Listed Building – Grade I
- Designated: 3 July 1984
- Reference no.: 1182255

= Nether Hall, Roydon =

Manor in Roydon, Essex, England

Nether Hall or Netherhall is a former manor in Roydon, Essex, England. Established during the medieval period, Nether Hall contained two manor houses built in the mid-15th century and occupied by the Colte family. Thomas More married one of the Colte daughters and visited Nether Hall during their courtship.

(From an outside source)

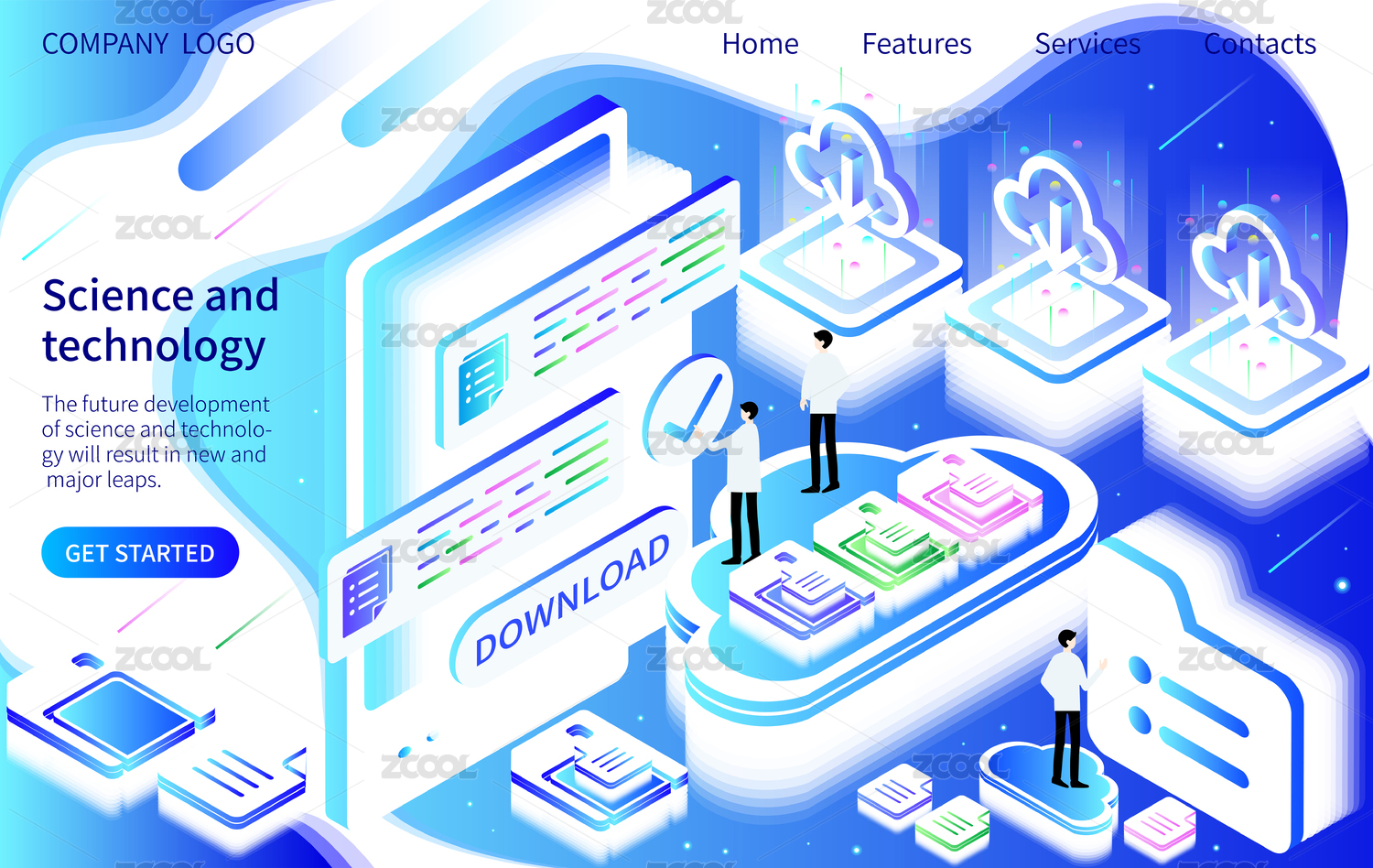云下载移动科技等距插画素材

Although the central part of the manor, including one of the houses, was demolished in the 1770s, it is a scheduled monument and the ruined gatehouse is a Grade I listed building with Historic England. Several outer farm buildings, including the other manor house, are still standing and are also listed buildings.

==Naming==
Nether Hall was named for its low position at the confluence of River Lea and River Stort.

==History==
===Establishment===
The land that became Nether Hall was originally on one hide of land owned by Ranulf brother of Ilger in 1086. The entirety of Ranulf's land was eventually divided among four manors: Nether Hall, Down Hall, Roydon Hall, and Temple Roydon. Nether Hall itself sat on Roydon's boundary with the parish of Nazeing. By the 13th century, Waltham Abbey had control of the manor, as well as the remainder or Ranulf's Nazeing demesne lands; during that century, a manor house existed on the grounds.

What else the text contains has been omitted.